▸ **AIM OF THE EXERCISE**:
Could you retype exactly the lines below between the one holding "Add comments related" and the one holding "Tento moderní venkovní", inclusive, leaving out any pictures?

[Dataset excerpts]

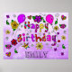 Flores roxas bonito, corações, estrelas Sinais de Poster Feliz Aniversário desenhado à Mão em cores brilhantes como vermelho, rosa, roxo, verde limão e amarelo. Basta adicionar o nome da aniversariante na área de personalização.
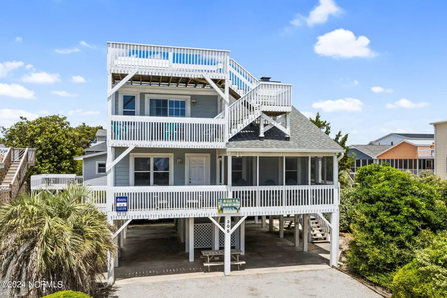 Price has been reduced $50,000 on this beach lovers dream! This 4 bedroom 3 bath home is across the street from the ocean. Amazing views of Sunset Beach, the pier, and most of the island. Each level has a covered porch. The main level also has a screen porch. Do not miss the roof top deck of the home, it has a bench so you can sit and enjoy some of the best views of the island. New walkway to the beach at 4th St and ramp for easy access for bikes at 3rd St. This home has been well cared for. The kitchen has a bar for extra guest seating and is open to the kitchen and family room. Main level has 2 large bedrooms and a bath. Upstairs is primary bedroom with large additional bedroom and additional full bath. A loft area for addition den area with a pull out sofa. Under the home is a storage area with outdoor shower. Roof was replaced in 2018. Main level HVAC replaced in 2018 and the upstair...
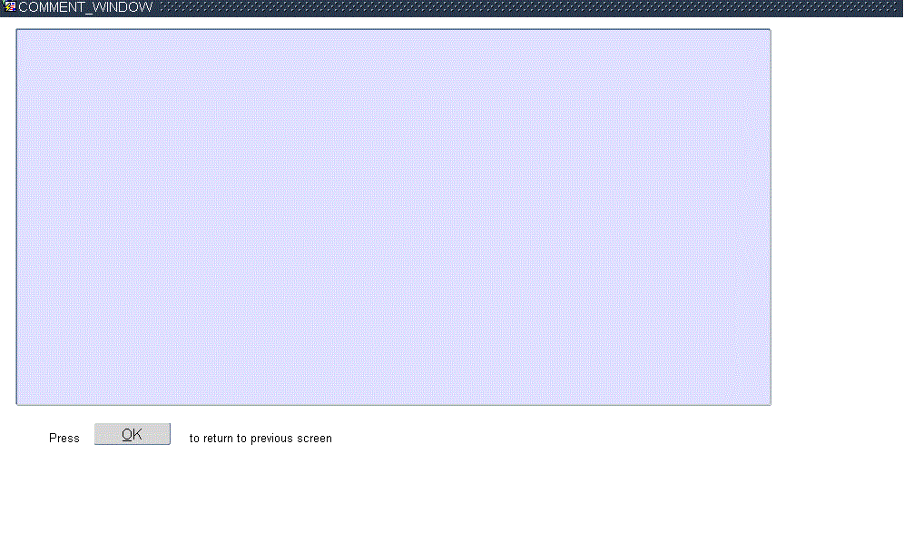 Add comments related to the students. A new page will open to add the comments when the user click on the 'comments' field. Click on the 'OK' button will save and close the comments page and returned to the 'Possible Duplicate Students' tab.
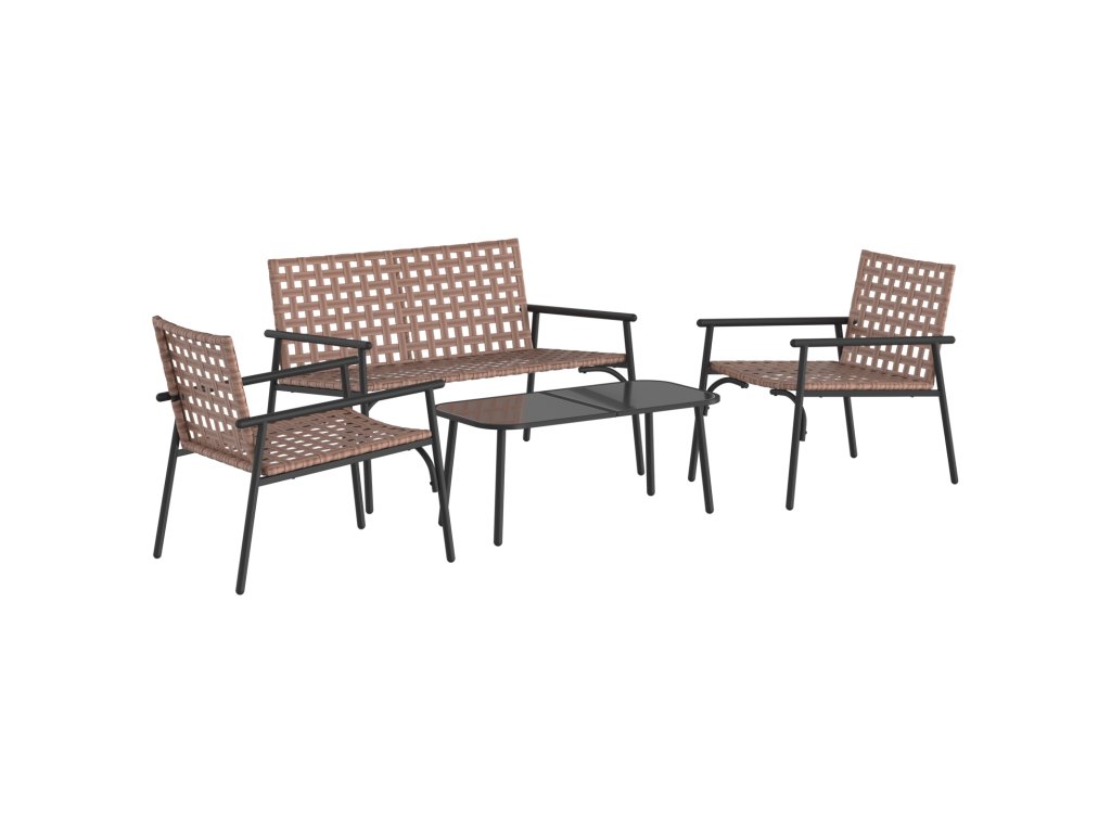 Tento moderní venkovní jídelní set je stylově navržený, aby vylepšil tvůj venkovní prostor a poskytl pohodlné sezení pro čtyři. Hnědé a černé barvy s ratanovými texturami a skleněnými vrcholy vytvářejí útulnou atmosféru pro odpočinek a užívání si zahrad, balkonů nebo teras.
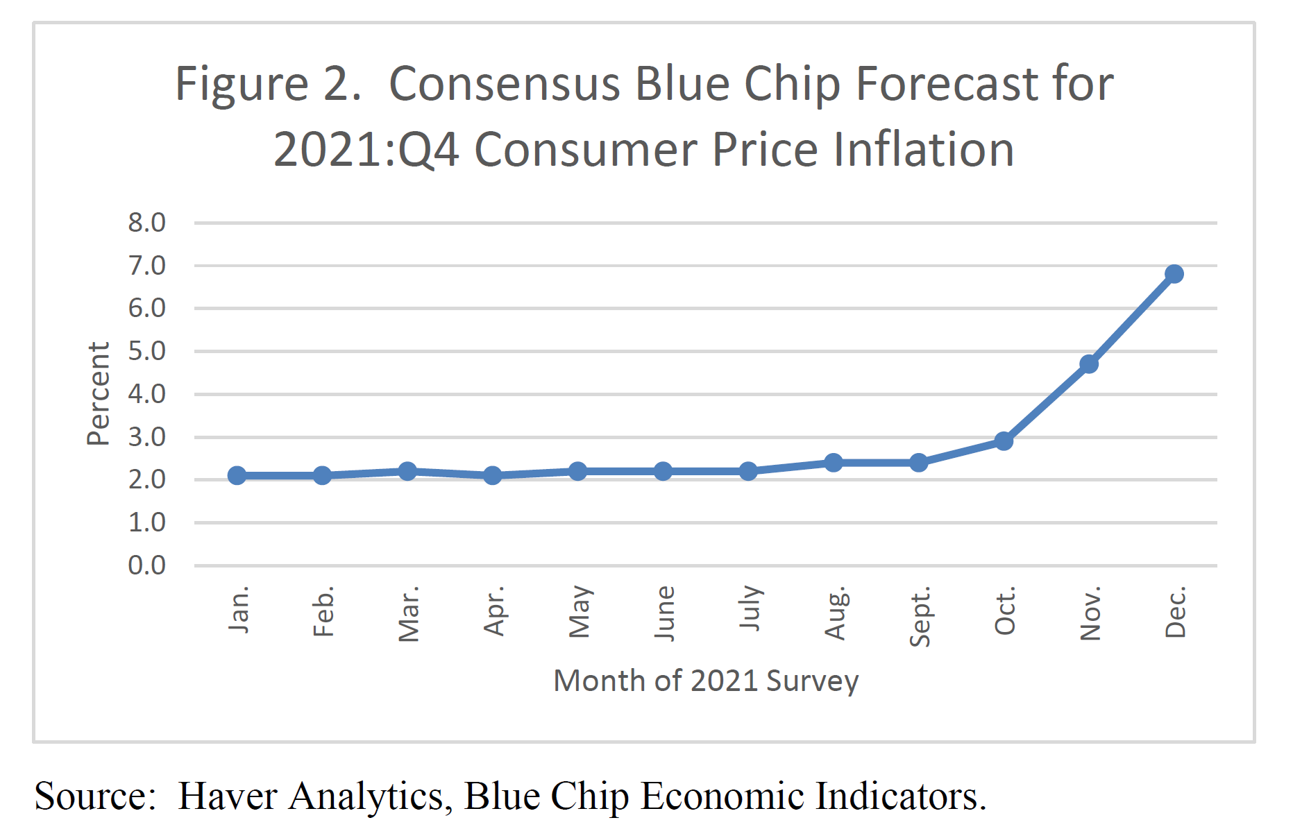 Same thing for the inflation forecast this year. As figure 2 shows, in January and February, the Blue Chip consensus was for consumer price inflation for Q4 to average about 2 percent. This forecast slowly ticked up to 2.4 percent through September. It was only in November that the consensus forecast moved above 4 percent and then jumped to 6.8 percent in the December survey. Just last Friday, November CPI inflation was reported at 6.8 percent for the 12 months ending November, the largest 12-month increase since mid-1982.
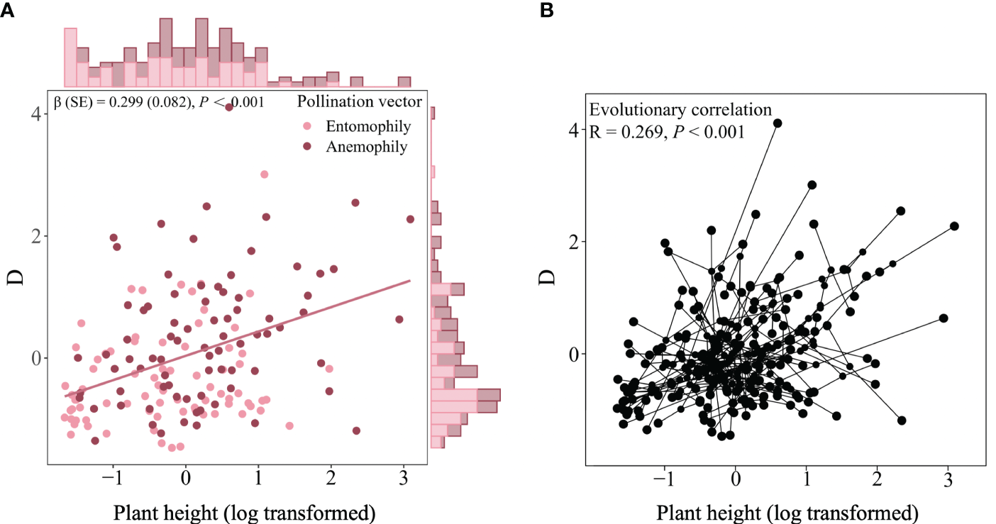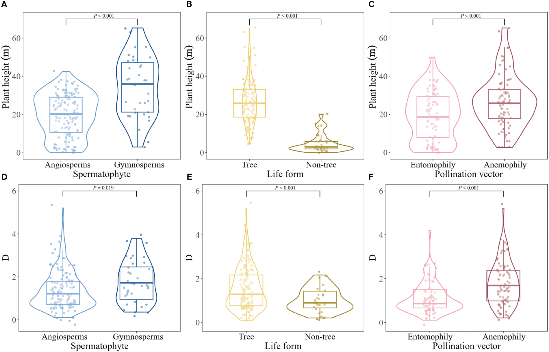 We then compiled data on adult plant height (m), life form (tree vs. non-tree), and type of Spermatophytes (angiosperms vs. gymnosperms) by searching the TRY Plant Trait Database (https://www.try-db.org/TryWeb/Home.php) (Kattge et al., 2020), BIEN database (http://bien.nceas.ucsb.edu/bien/) (Maitner et al., 2018) and published literature (e.g., Moles et al., 2009). We requested data of plant height (Trait ID 3106) from the database by registering and creating an account in July 2021. Data requested from TRY were released with a permission to free downloading 2 weeks after request. We used R BIEN to access the BIEN data. To obtain an average value of adult plant height of each species, the mean value of each species was calculated by merging all available data. Data on the pollination vectors for the species in our database were gathered from the TRY Plant Trait Database, published papers, and theses (Bawa et al., 1985; Sandor, 2012). Anemophilous plants refer to those pollinated exclusively by wind, while entomophilous plants refer to those pollinated by general insects, mainly including bees, bumble bees, butterflies, wasps, beetles, moths, and etc. We ensured that only animals associated with them were matched to each selected plant. However, in rare cases, plants pollinated by both anemophily and entomophily or by vertebrates were excluded from the dataset. We did not include life-history traits such as lifespan of plant species because of data unavailability. Information about life form (tree vs. non-tree) was added according to a look-up table of categorical plant-traits30 (https://www.try-db.org/TryWeb/Data.php#3). Overall, the final data with complete information (e.g., D, adult plant height, pollination vector, life form, and type of Spermatophytes) were restricted to the 158 plant species. All variables were prior to analysis log-transformed to correct for skewness in the trait distributions. A full list of species and data was provided in Appendix S1 of the Supplementary Material.

▸ **RESPONSE TO THE EXERCISE**:
 Add comments related to the students. A new page will open to add the comments when the user click on the 'comments' field. Click on the 'OK' button will save and close the comments page and returned to the 'Possible Duplicate Students' tab.
 Tento moderní venkovní jídelní set je stylově navržený, aby vylepšil tvůj venkovní prostor a poskytl pohodlné sezení pro čtyři. Hnědé a černé barvy s ratanovými texturami a skleněnými vrcholy vytvářejí útulnou atmosféru pro odpočinek a užívání si zahrad, balkonů nebo teras.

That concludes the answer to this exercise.